In the 1970s, Menachem Begin, of the Likud Party, served as prime minister, followed in 1983 by the election of Yitzhak Shamir, also of the Likud Party. Both leaders sought actively to incorporate the occupied Palestinian territories as part of the state of Israel. This plan was carried out on many levels: the settlement program was intensified, resulting in more confiscation of Palestinian land; Palestinians accused (though not tried and/or found guilty) of political activism were deported; large numbers of Palestinians were routinely arrested, held without being charged for months, and even tortured in prison; and Palestinians were forced to pay heavy fines and exorbitant taxes, and to deal with security checkpoints and other administrative hassles that frequently obstructed their ability to work and carry out daily, routine tasks.

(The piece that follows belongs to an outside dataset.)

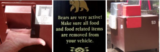 three photos of food storage bear locker
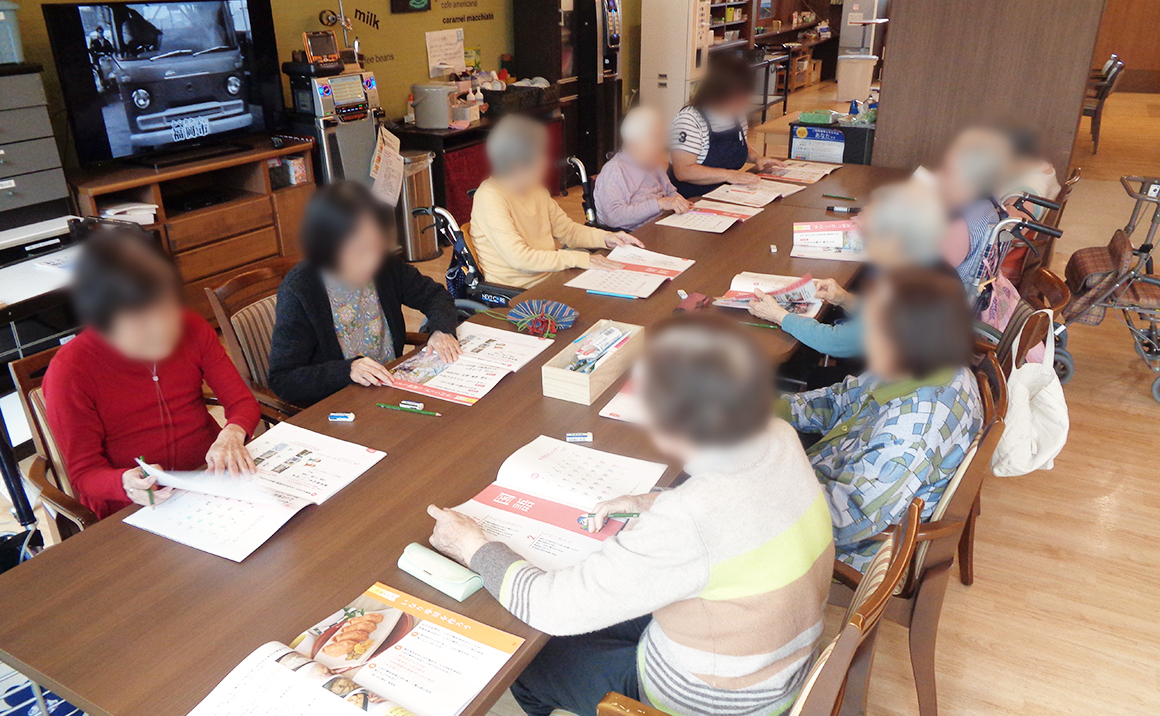 自宅に近い施設を目指し、ご入居者様の自己決定を大切にします。お食事も各食事は一時間半の時間幅があり、お腹がすいたら注文していただく「レストラン方式」を取り入れております。また朝食と昼食は食べたいものを自らその場で選んでいただきます。小腹が空いたときなどご利用いただける「軽食サービス」もあり、軽食からスイーツまでバラエティに富んだメニューをご用意しております。ぜひ一度自慢の食事を召し上がっていただきたいです。

For Palestinians, life under occupation had been difficult since 1967, but under the Begin and Shamir governments, it became unbearable.

On December 8, 1987, a traffic accident involving an Israeli military vehicle killed four Palestinians in the Gaza Strip. The next day, thousands of Palestinians held a demonstration to express their outrage, which turned deadly when Israeli soldiers shot into the crowd, killing three protestors.

The residents of the Gaza Strip, and later the West Bank, launched the revolt called the Intifada. Led mostly by young people, demonstrators threw stones at Israeli soldiers, burned tires, and held demonstrations calling for an end to the Israeli occupation. Within a few weeks, when the Intifada had proved it could endure, the Unified National Leadership (UNL, also known as the Unified National Leadership of the Uprising) was formed to direct the movement. In January 1988, the UNL, which had to operate covertly, began coordinating the uprising by distributing leaflets that offered instructions and issued directives for protest activities. The UNL and other Palestinian leaders issued a 14-point mission, for the purpose of the Intifada, titled the “Fourteen Demands.”

The overall strategy of the Intifada was to use the methods of civil disobedience: demonstrations, boycotts of Israeli products, store closures, and strikes. By making the occupation a financial burden on the Israeli government, the Palestinians hoped to convince it to vacate their land. The Israeli government responded harshly to the Intifada, however, by stepping up arrests, shooting and killing demonstrators, and imposing mass curfews on entire populations. The death toll was high: By the time the Intifada ended in 1992, more than 1,000 Palestinians had been killed and more than 37,000 injured.